While the frequency of deficiency for most vitamins is low in the United States, mainly due to dietary intake and multivitamin use, vitamin D deficiency is common [1, 2]. The prevalence of vitamin D deficiency (35–60%) is much higher than that of other vitamins among Americans [35]. The high frequency of vitamin D deficiency stems from the fact that most vitamin D is produced naturally from skin exposure to sunlight, and exposure to sunlight is limited for a large percentage of Americans who live in northern latitudes and for those who practice sun avoidance. In addition, only small amounts of vitamin D come from dietary sources and multivitamins. Vitamin D plays an important role in a number of body functions including calcium absorption, bone metabolism, immune function, muscle function, and cellular regulation, and its deficiency has widely pervasive consequences such as hypocalcaemia, bone loss, and muscle weakness [610].

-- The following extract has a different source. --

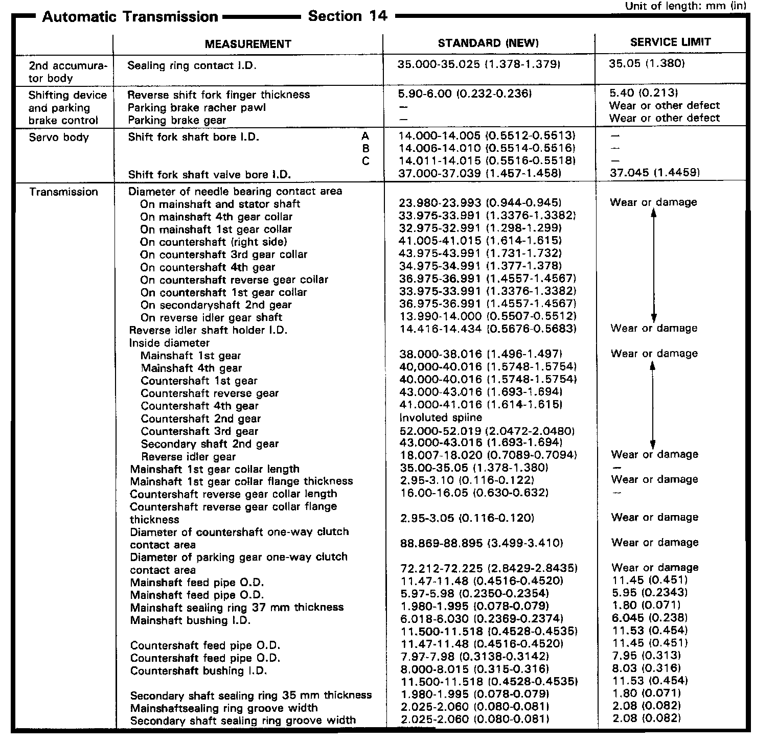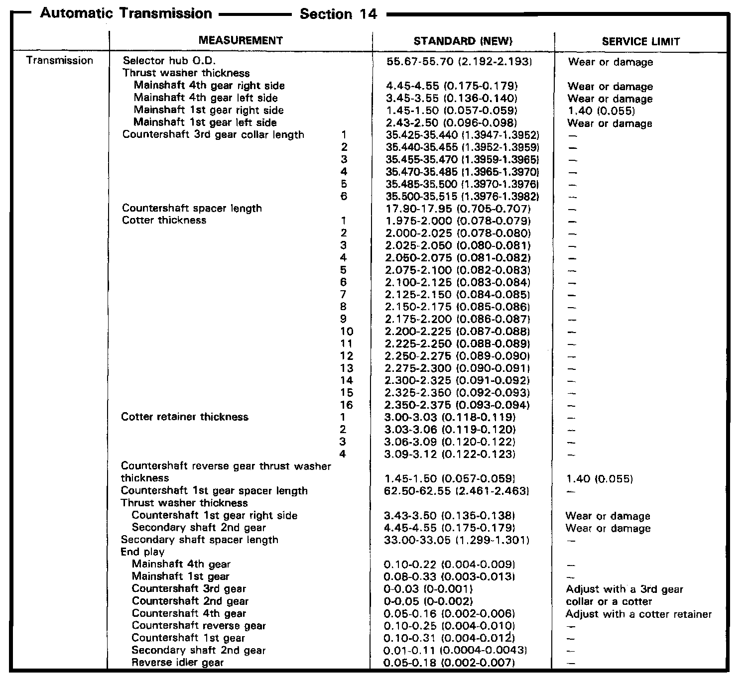 MR9A 4-spd A/T, Mainshaft/Countershaft Measurements:

The preponderance of epidemiologic data indicates vitamin D deficiency is associated with an increased incidence of breast cancer [1113]. Furthermore, recent studies show that low vitamin D levels are associated with increased breast cancer recurrence and mortality rates [1417]. In addition, breast cancer patients are at increased risk for a number of medical complications associated with vitamin D deficiency including bone loss, falls, fractures, and infection [10, 1820]. Cancer-treatment-induced bone loss (CTIBL) is of particular concern and is experienced by up to 80% of breast cancer patients [21]. The annual loss of bone mineral density (BMD) in breast cancer patients may be up to seven times greater than the annual loss of BMD by postmenopausal women without cancer [22]. This loss of BMD produces a significant increase in the risk of fractures compared to healthy postmenopausal women [2325], which results in increased mortality, disability, and negative psychological consequences [2628]. Breast cancer patients, therefore, must maintain adequate vitamin D levels to minimize their chances for negative outcomes.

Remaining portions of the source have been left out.